LONDON (Reuters) – British Prime Minister Tony Blair stepped into the debate over the integration of Muslims into British society on Tuesday, calling the full veil worn by some Muslim women “a mark of separation.”
Controversy has erupted in Britain over the wearing of the veil with some leaders of Britain’s 1.8 million Muslims accusing the government of stirring up Islamophobia.
The radicalization of some young British Muslims, rammed home in July last year when British-born Muslim suicide bombers killed 52 people on London transport, has raised questions about whether Britain has done enough to integrate Muslims.
Blair, who has until now encouraged the debate on integration without expressing an opinion on veils, came the closest he has to taking sides.
Asked if a woman who wore the veil could make a full contribution to British society, Blair said: “It is a mark of separation and that’s why it makes other people from outside the community feel uncomfortable.”

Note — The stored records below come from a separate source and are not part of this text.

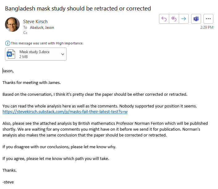 Just for the public record, I sent this email today to Yale economics professor Jason Abaluck, the corresponding author of the Bangladesh mask study paper.
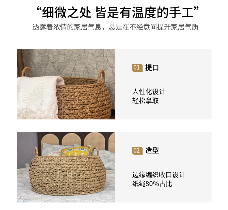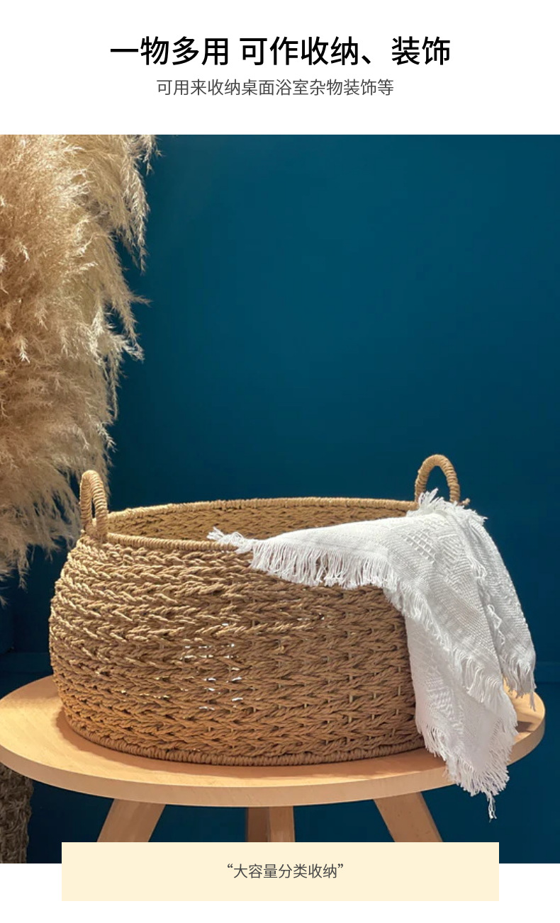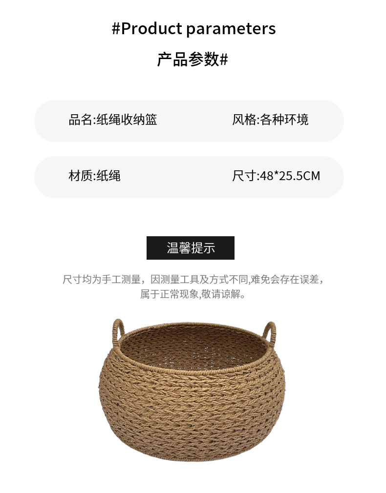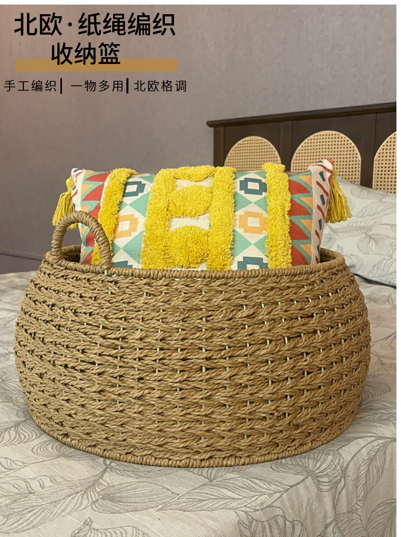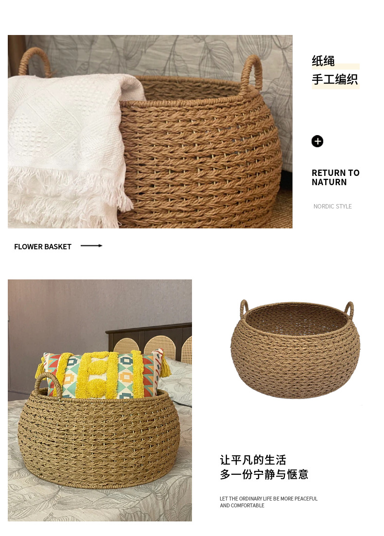 Cuerda de papel tejida cesta de almacenamiento cesta de organización escritorio mesa de café ropa juguete merienda pastoral cesta de almacenamiento caja de almacenamiento
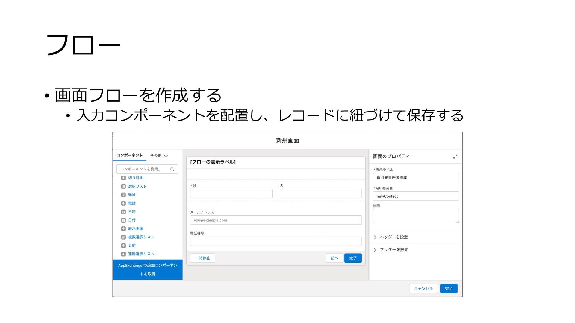 フロー • 画⾯フローを作成する • ⼊⼒コンポーネントを配置し、レコードに紐づけて保存する
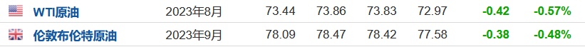 3.截至发稿,WTI原油跌0.57%,报73.44美元/桶。布伦特原油跌0.48%,报78.09美元/桶。
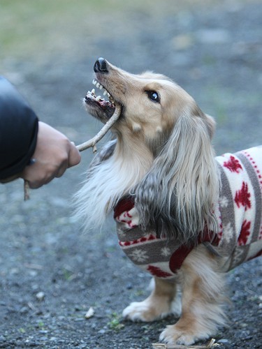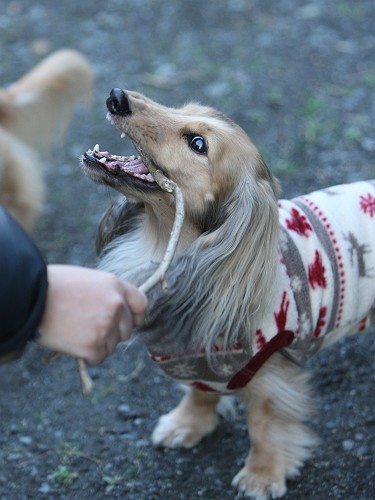 咥えたまま走られると危険なので、枝で引っ張りっ子
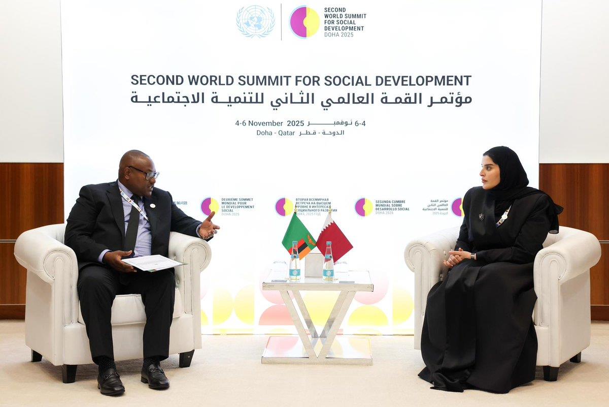 Doha, Qatar: Minister of State for International Cooperation HE Dr. Maryam bint Ali bin Nasser Al Misnad met Wednesday with Minister of Foreign Affairs and International Cooperation of the the Republic of Zambia HE Mulambo Haimbe, on the sidelines of the Second World Summit for Social Development, currently held in Doha.
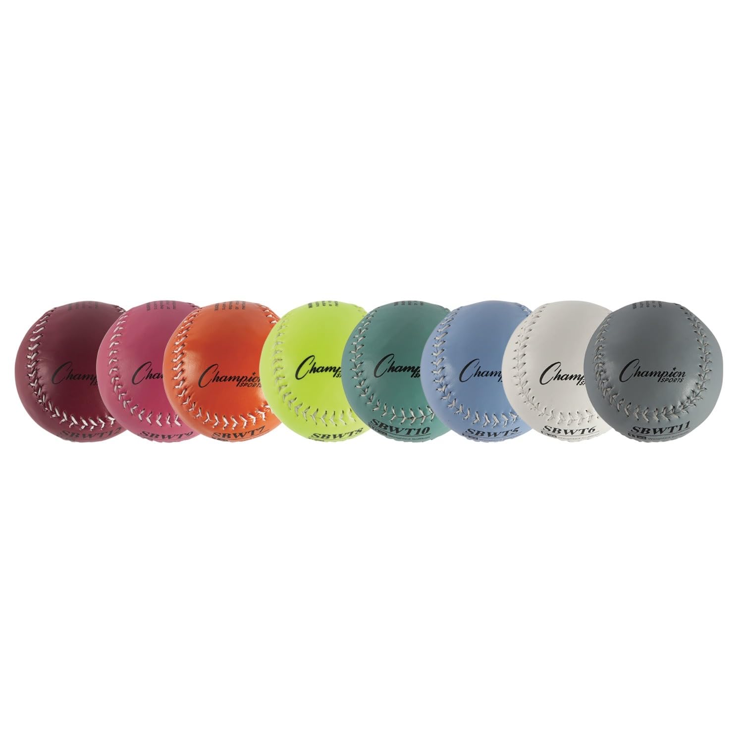 Champion Sports Weighted Training Softball Set - Rubber Cork Core - Leather Cover - Set of 8 Balls - Graduated Weights - 5 to 12 oz - 12 Inch Diameter

“No one wants to say that people don’t have the right to do it, that’s to take it too far, but I think we do need to confront this issue about how we integrate people properly with our society and all the evidence is when people do integrate more they achieve more as well.
“I’m not saying anyone should be forced to do anything,” he told his monthly news conference.
Blair also said he fully supported the way a local education authority had handled the case of a Muslim teaching assistant who was suspended for wearing a veil.
Aishah Azmi, 24, said the veil, which left just her eyes exposed, had never been a problem for pupils at the school in northern England where she taught.
The school told Azmi she could wear the veil in corridors but must remove it when teaching, but she refused. Her case is currently before an employment tribunal.
The issue of veils was thrust into the spotlight this month when former foreign secretary Jack Straw said Muslim women who wore full veils made community relations difficult.
Blair called for a debate on how the Muslim community integrates into British society and on how Islam comes to terms with the modern world.
His government has begun to question whether Britain’s traditional policy of promoting a multicultural society — where different communities live side by side without having a single British identity imposed on them — has backfired by contributing toward the isolation of some communities.
The government’s focus on Muslim extremism and integration prompted the Muslim Council of Britain, the country’s largest Islamic group, to write to Communities Secretary Ruth Kelly this week complaining an entire community was being stigmatized.
“What is happening, especially in the last few months, has been a barrage of demonization of the Muslim community to such an extent that the community is now scared and the whole community feels vulnerable,” MCB General Secretary Muhammad Abdul Bari told BBC Radio.